Ways To Store and Read Data: Binary Files#
In our last reading we talked about plaintext files: files that store data in a human-readable format. In this reading, we will talk about the second type of file you are likely to come across in your career—binary files.
Binary files differ from plaintext files in that the way that the 1s and 0s in the file are meant to be interpreted is not dictated by common text encodings—like ASCII or Unicode—where for example the number 1 is always represented by 00110001
, 2 by 00110010
, 3 by 001100011
, etc.
Instead, binary data files can only be interpreted by software specifically written to interpret the formatted binary file you’re working with, like Microsoft Excel. As a result, if you try and open them in a normal text editor—which will try and interpret the 1s and 0s as Unicode, you’ll see jibberish.
To illustrate, let’s save a version of our small world dataset to a binary .dta
format, then try and open it in our VS Code text editor:
import pandas as pd
world = pd.read_csv("data/world-very-small.csv")
world.to_stata("data/world-very-small.dta")
Now if I try and open that .dta
file, the first thing that will happen as I will see is this warning:
And if I ask it to open the file anyway, all I see is this:
But that’s not because the file is corrupt—indeed, if I asked pandas to open that file with the proper function, we get back our usual table:
pd.read_stata("data/world-very-small.dta")

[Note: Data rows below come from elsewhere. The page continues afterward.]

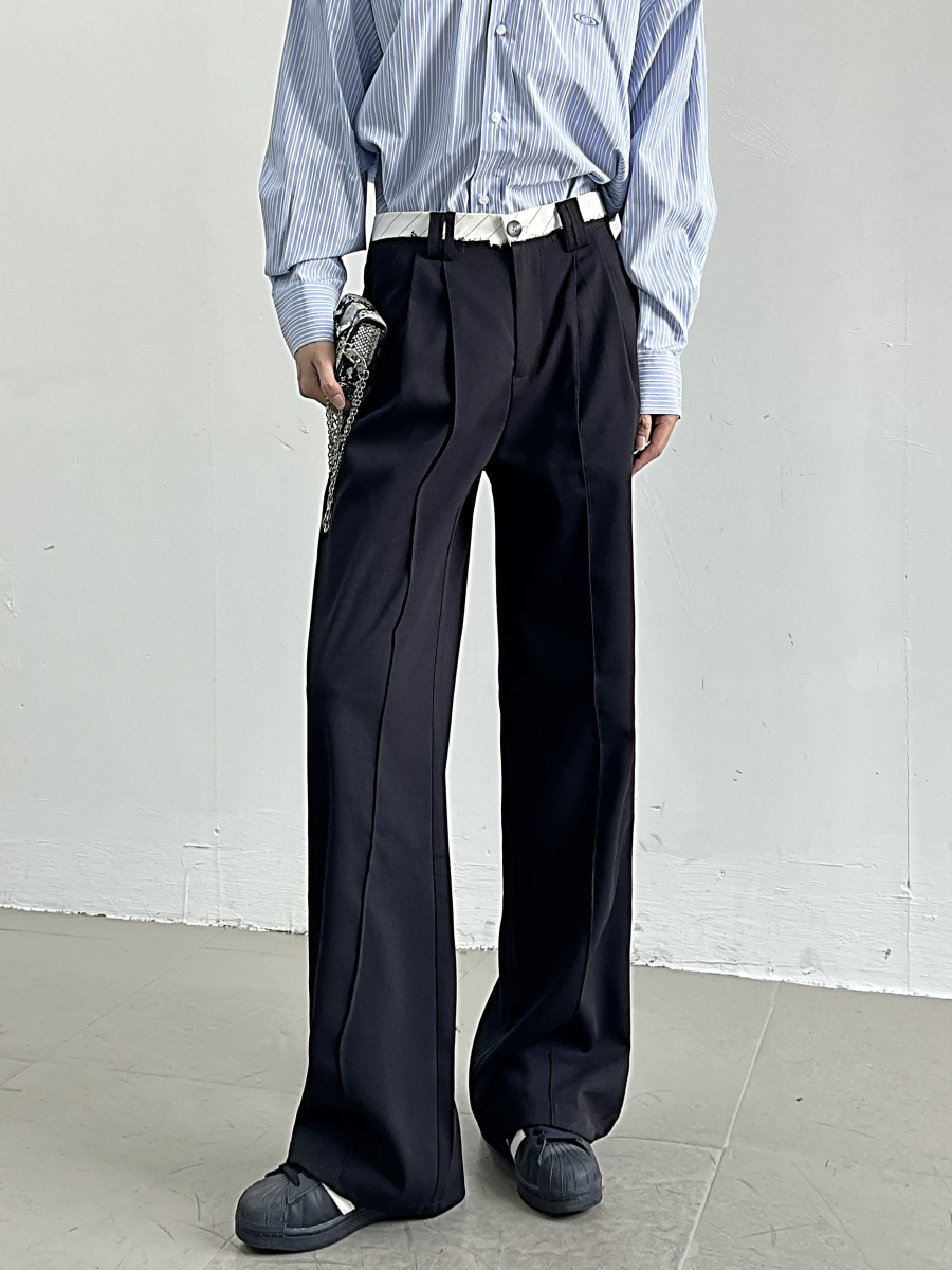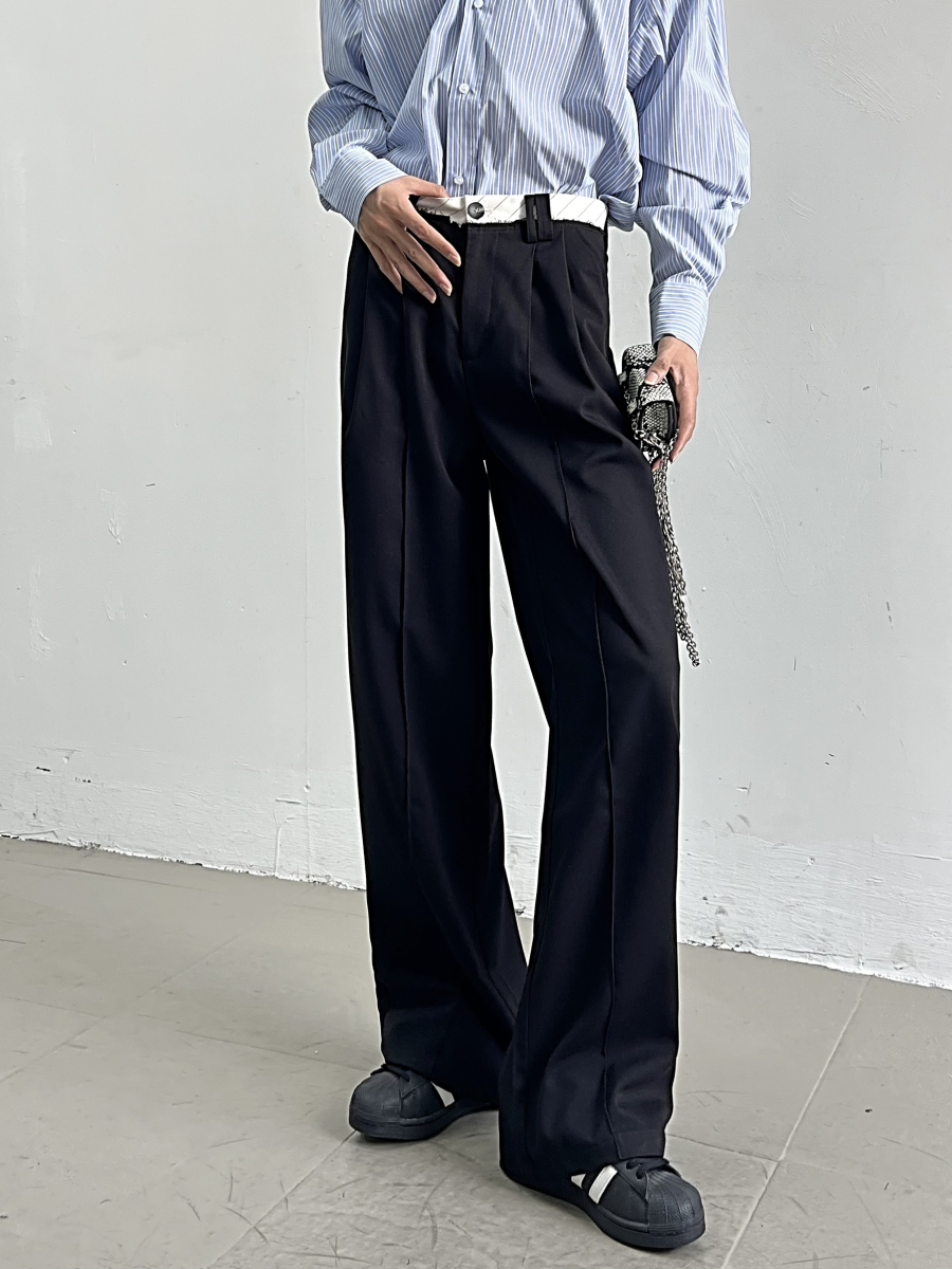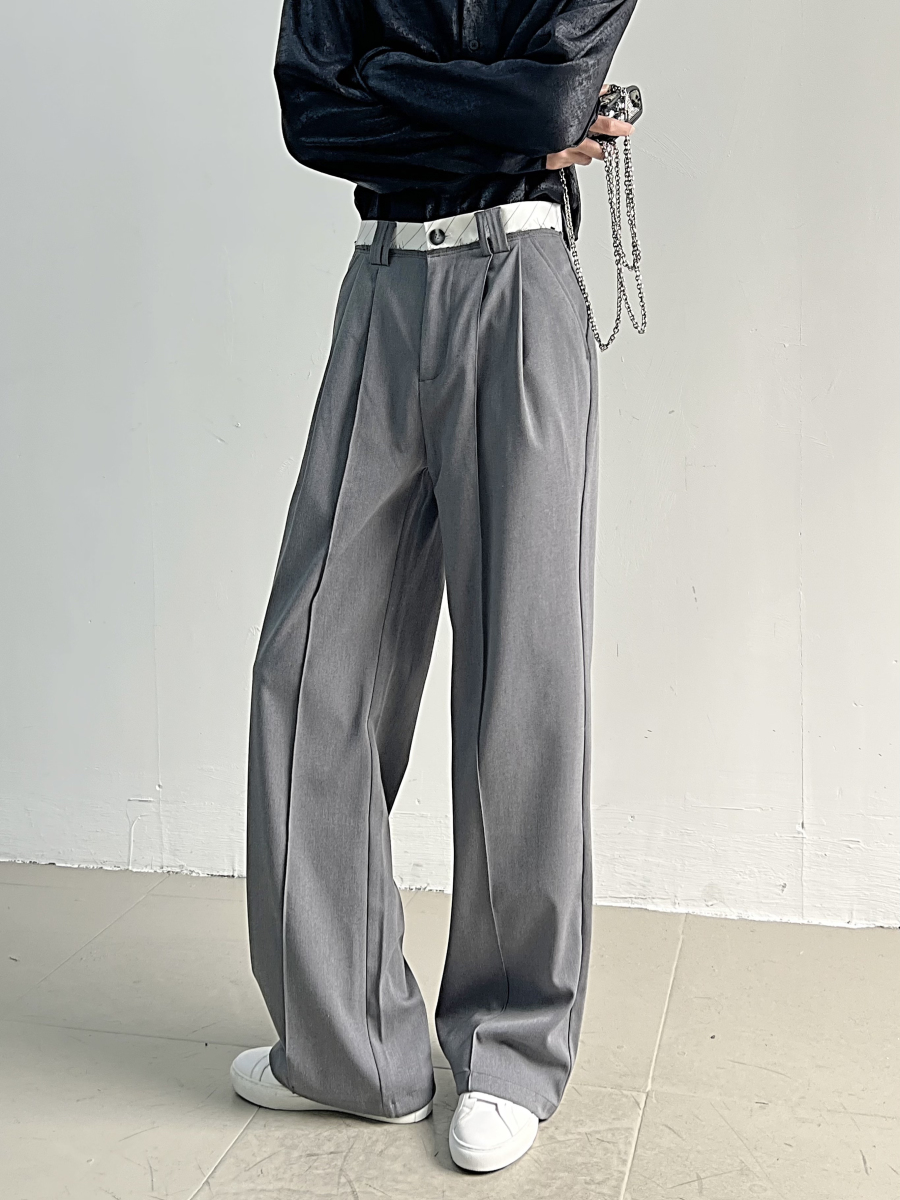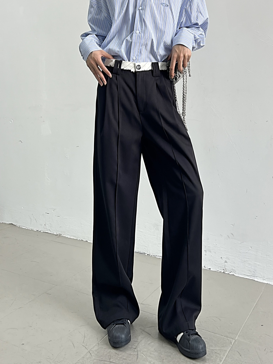 Contrast-Waist Wide Leg Straight Trousers WN11673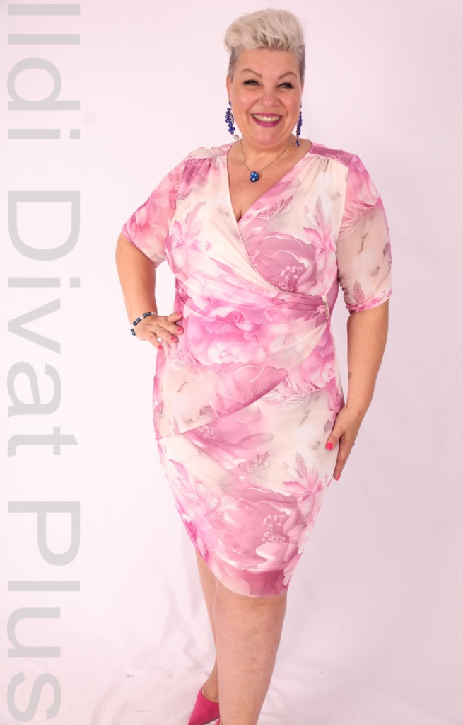 Trynite ekrü alapon rózsaszín virágos derekán húzótt mellén átlapolt hálós anyagú ruha.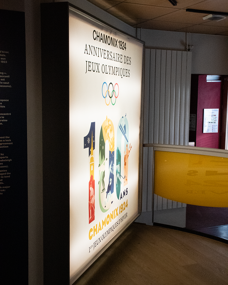 Réalisation de l'intégralité du graphisme et de la scénographie de l'exposition "Chamonix 1924 L'invention des jeux olympiques d'hiver". Suivi de projet jusqu'à ouverture de l'exposition. En collaboration avec Pier design.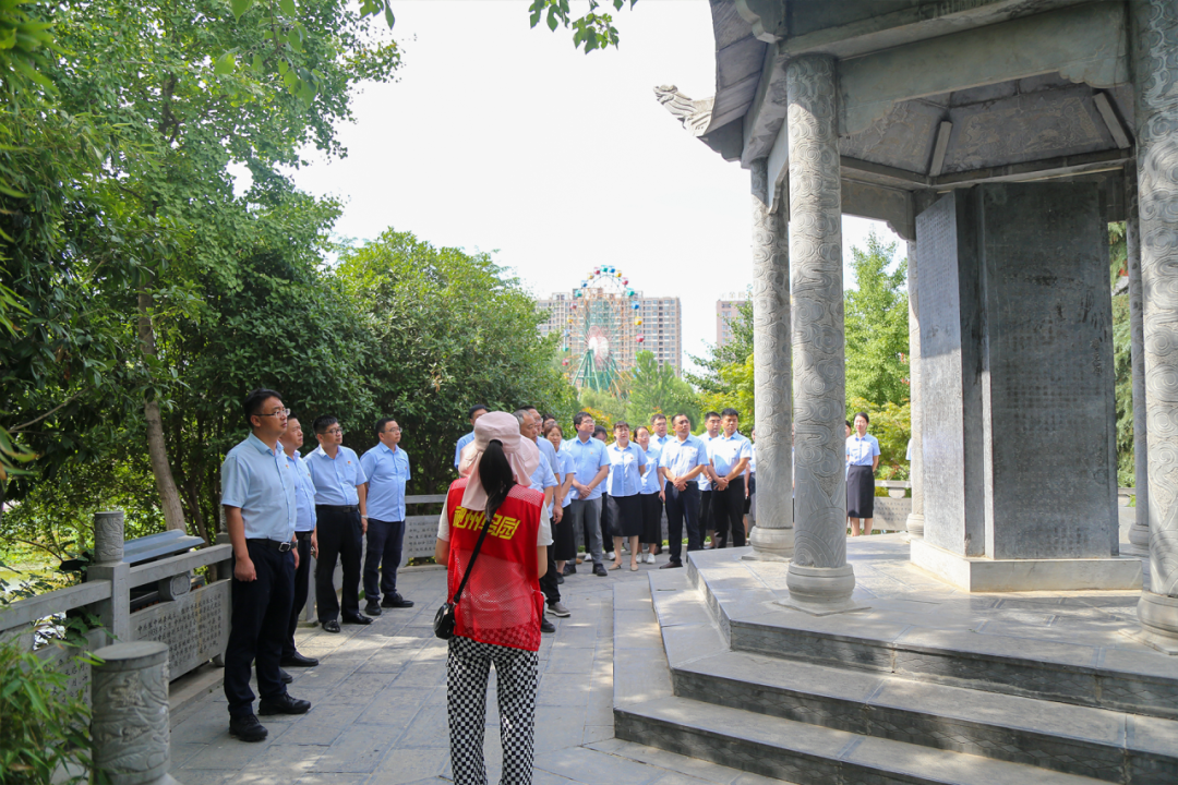 在受降亭,黨員干部們瞻仰了受降亭紀念碑,了解了漯河受降亭建立紀念碑的過程及重大意義。

index | country | region | gdppcap08 | polityIV | |
---|---|---|---|---|---|
0 | 0 | Brazil | S. America | 10296 | 18 |
1 | 1 | Germany | W. Europe | 35613 | 20 |
2 | 2 | Mexico | N. America | 14495 | 18 |
3 | 3 | Mozambique | Africa | 855 | 16 |
4 | 4 | Russia | C&E Europe | 16139 | 17 |
5 | 5 | Ukraine | C&E Europe | 7271 | 16 |
Common Binary Formats#
Many binary formats were created by a proprietary, closed source program like Microsoft Excel or Stata, but there are also a range of open-source binary file standards. Here is a list (though definitely not an exhaustive one!) of binary formats you may encounter as a data scientist, along with how to read and write data of these types in pandas. As we mentioned in the previous reading, don’t try to memorize these—you can always google them later—just read them over in an effort to get a sense of what the landscape of binary file formats looks like.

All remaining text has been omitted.